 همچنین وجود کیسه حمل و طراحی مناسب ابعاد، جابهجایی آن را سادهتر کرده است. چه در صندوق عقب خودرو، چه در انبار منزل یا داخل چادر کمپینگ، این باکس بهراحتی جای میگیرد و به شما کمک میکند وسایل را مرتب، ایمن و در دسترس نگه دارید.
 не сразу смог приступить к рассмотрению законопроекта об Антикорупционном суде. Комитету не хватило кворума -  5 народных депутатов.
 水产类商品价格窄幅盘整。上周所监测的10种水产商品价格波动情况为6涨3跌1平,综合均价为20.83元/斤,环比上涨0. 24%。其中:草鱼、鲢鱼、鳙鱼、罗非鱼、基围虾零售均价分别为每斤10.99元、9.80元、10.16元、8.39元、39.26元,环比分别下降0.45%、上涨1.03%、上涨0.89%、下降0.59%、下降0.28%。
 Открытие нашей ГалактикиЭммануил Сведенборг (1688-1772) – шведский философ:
--------------------------------------------------
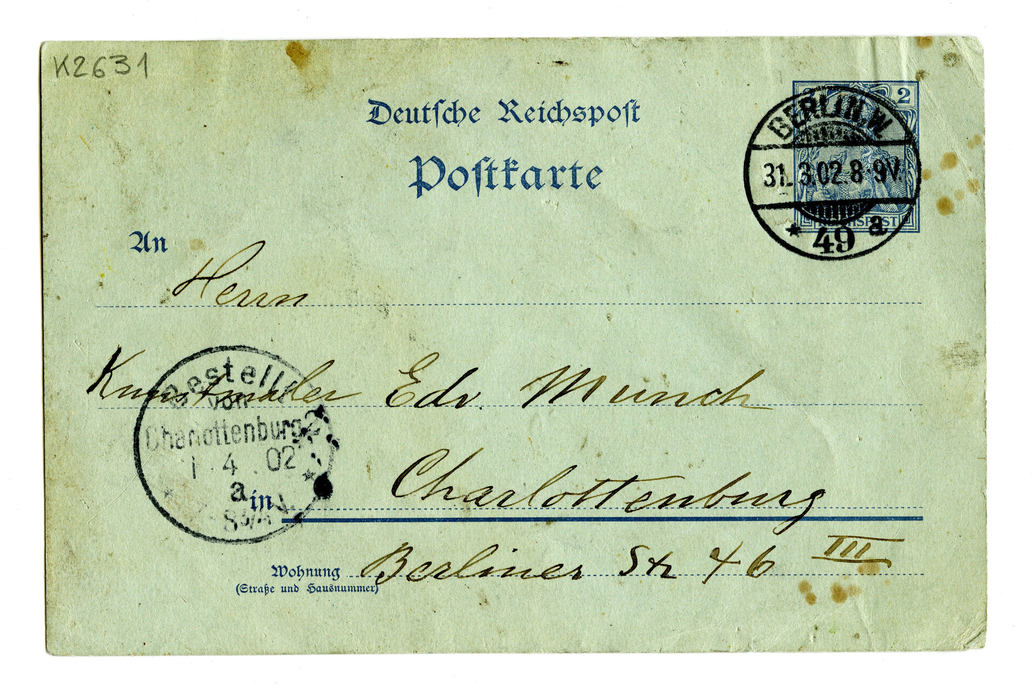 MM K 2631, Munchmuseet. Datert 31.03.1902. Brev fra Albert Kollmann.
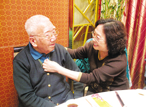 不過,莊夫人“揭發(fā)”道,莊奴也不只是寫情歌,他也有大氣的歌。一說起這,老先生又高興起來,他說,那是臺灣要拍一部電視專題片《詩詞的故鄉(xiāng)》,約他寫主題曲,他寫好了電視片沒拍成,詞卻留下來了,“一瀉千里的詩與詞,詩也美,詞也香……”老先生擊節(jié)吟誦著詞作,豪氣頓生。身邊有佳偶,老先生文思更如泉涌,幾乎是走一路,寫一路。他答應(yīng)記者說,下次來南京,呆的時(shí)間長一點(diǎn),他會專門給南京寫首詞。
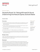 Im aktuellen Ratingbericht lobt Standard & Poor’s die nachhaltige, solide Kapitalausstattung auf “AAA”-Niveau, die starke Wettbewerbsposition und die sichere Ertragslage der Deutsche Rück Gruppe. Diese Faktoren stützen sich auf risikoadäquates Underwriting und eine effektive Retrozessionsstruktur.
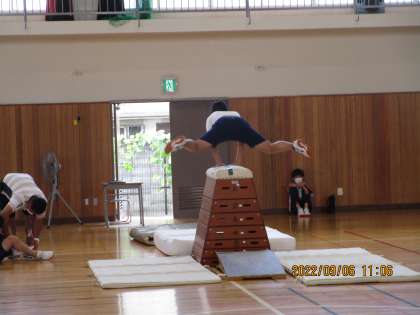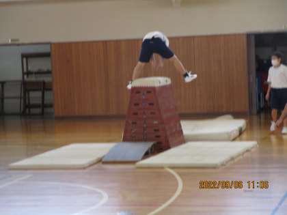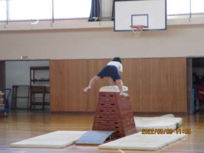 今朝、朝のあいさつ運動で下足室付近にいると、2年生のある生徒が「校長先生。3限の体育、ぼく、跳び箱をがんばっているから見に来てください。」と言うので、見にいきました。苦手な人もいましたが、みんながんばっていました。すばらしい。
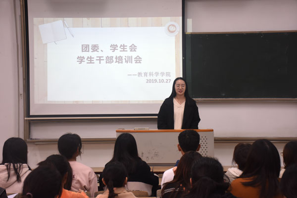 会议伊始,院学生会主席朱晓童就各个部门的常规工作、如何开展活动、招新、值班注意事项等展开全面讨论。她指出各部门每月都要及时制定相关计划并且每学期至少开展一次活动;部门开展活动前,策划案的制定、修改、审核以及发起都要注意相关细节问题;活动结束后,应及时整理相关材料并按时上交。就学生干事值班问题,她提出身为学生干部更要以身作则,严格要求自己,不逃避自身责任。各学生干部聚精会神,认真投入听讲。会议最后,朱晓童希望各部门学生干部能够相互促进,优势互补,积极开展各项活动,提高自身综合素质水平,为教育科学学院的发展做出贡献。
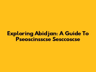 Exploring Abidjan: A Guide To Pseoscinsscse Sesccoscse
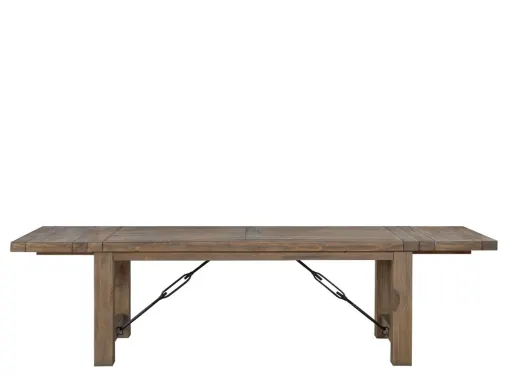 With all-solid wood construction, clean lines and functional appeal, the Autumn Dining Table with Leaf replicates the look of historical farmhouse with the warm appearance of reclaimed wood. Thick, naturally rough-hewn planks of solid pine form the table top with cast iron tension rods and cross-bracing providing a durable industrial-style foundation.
--------------------------------------------------
:: The problem ::
Exactly the lines starting at the one above with "Exploring Abidjan: A" and ending at the one with "With all-solid wood" should be printed, and nothing else. Omit the pictures.

:: The answer ::
 Exploring Abidjan: A Guide To Pseoscinsscse Sesccoscse
 With all-solid wood construction, clean lines and functional appeal, the Autumn Dining Table with Leaf replicates the look of historical farmhouse with the warm appearance of reclaimed wood. Thick, naturally rough-hewn planks of solid pine form the table top with cast iron tension rods and cross-bracing providing a durable industrial-style foundation.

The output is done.